Separation of Contributions of Tryptophans and Tyrosines to the Ultraviolet Circular Dichroism Spectrum of Hen Egg‐White Lysozyme

Abstract

Ultraviolet circular dichroism measurements over the wavelength range of 190–300 nm have been carried out on hen egg‐white lysozyme and on an iodine‐oxidized derivative of lysozyme in which Tryptophan‐108 has been selectively modified. The contribution of Tryptophan‐108 to the aromatic circular dichroism profile has been ascertained from a difference spectrum generated between the native and the modified protein. This tryptophyl residue is exceptional in its properties, as it is the principal contributor to the circular dichroism pattern in this wavelength range. The chemically modified protein shows only minor differences from the native molecule in terms of the magnitude of the conformation‐dependent ellipticity bands at 209 and 192 nm.
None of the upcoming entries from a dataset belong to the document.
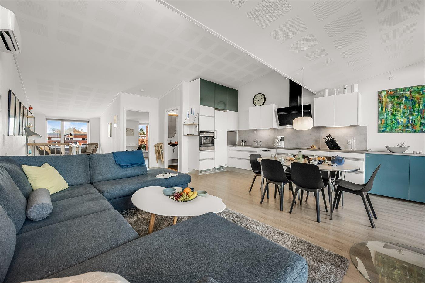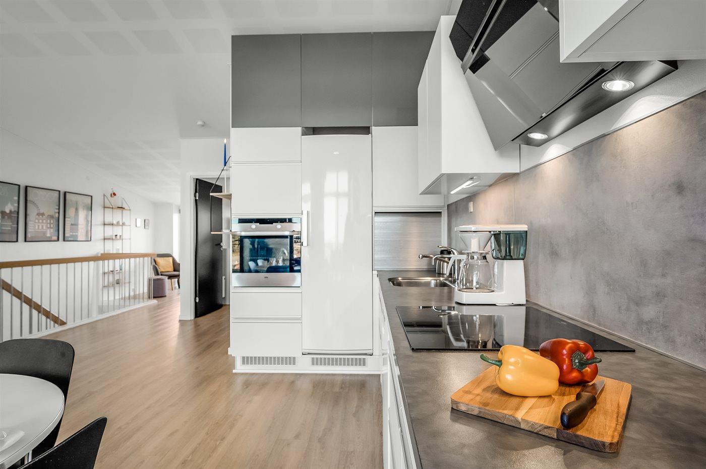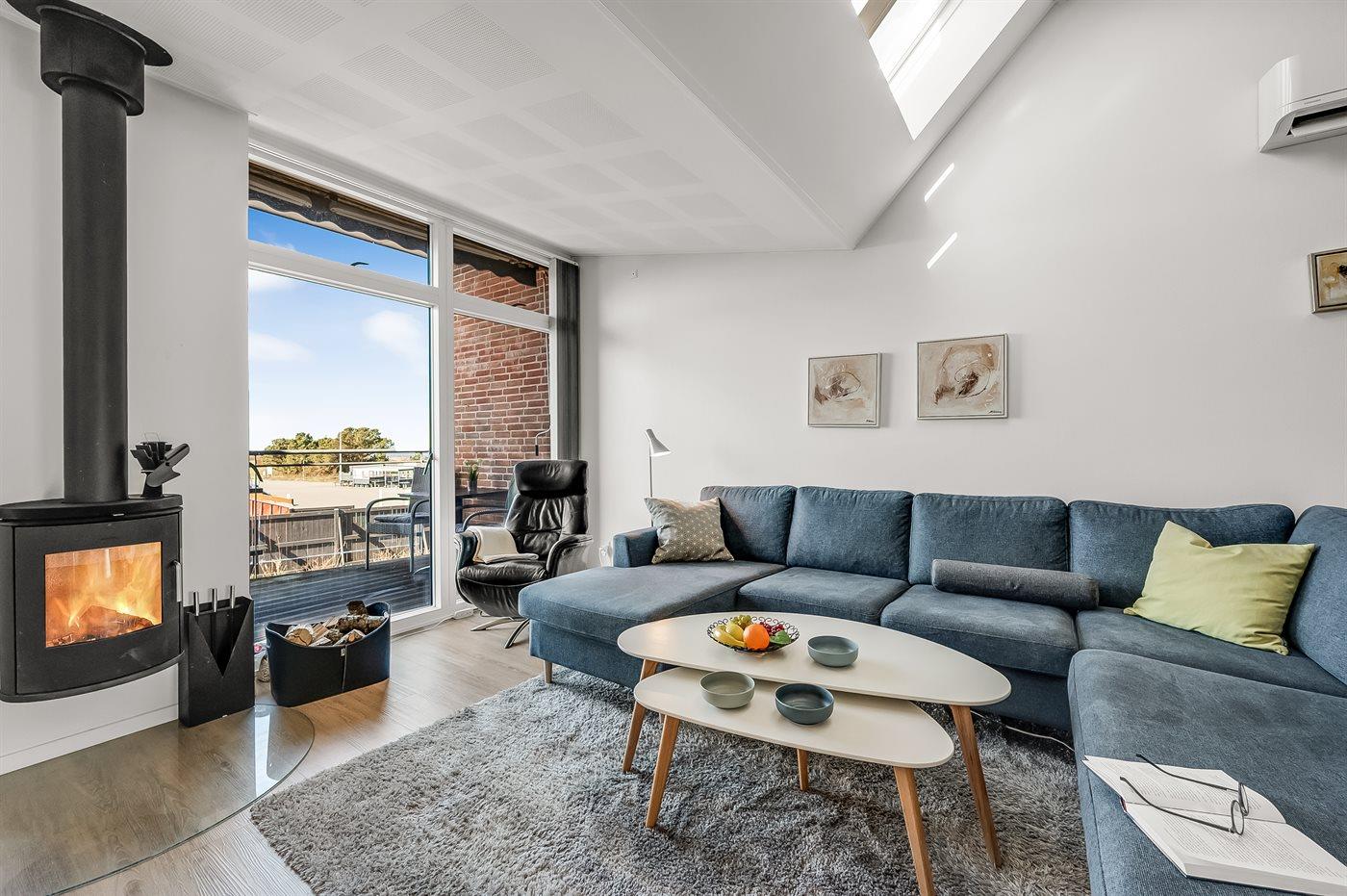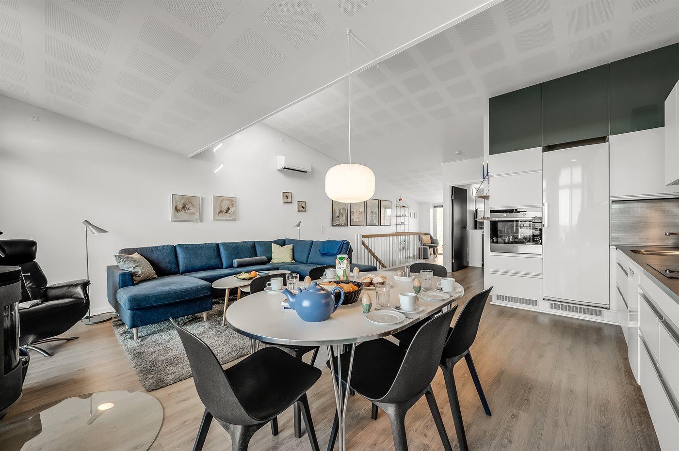 Die Ferienunterkunft liegt auf einem 170 m² großen Naturgrundstück. Die Entfernung zum Fjord beträgt 100 m. Die nächste Einkaufsmöglichkeit liegt 100 m entfernt. Es steht ein offenes Terrassenareal zur Verfügung. Außerdem gibt es überdachte Terrasse.Balkon im Obergeschoss. Es ist ein Ladestecker für Elektroautos installiert. CCS-Stecker (Combo-Stecker). Mit einer Ladeleistung von 11 kW. Parkplatz auf dem Grundstück.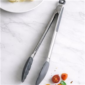 PINZA SILICONA 30CM MANGO ACERO INOX GRIS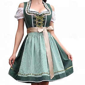 Carnaval Cerveja Oktoberfest Dirndl Trachtenkleader Blusa Dirndl Oktoberfest / Cerveja Bávaro Bávaro Viena Estilo Tradicional prados Mulheres Pano de Estilo Tradicional Camisa Avental

Separation of the partial contributions of tyrosines was obtained from circular dichroism difference spectra constructed from circular dichroism profiles of both the native and iodine oxidized proteins at pH 7 and 11.2. Oligomers of N‐acetyl‐d‐glucosamine, which are inhibitors of lysozyme, markedly affect the circular dichroism spectrum of the enzyme at the aromatic region. It is postulated that this effect on the spectrum is a result of a change in orientation of Tryptophan‐108, which occurs on binding of the inhibitors to the active site of the enzyme.These results are discussed with respect to the proposed three‐dimensional model of lysozyme.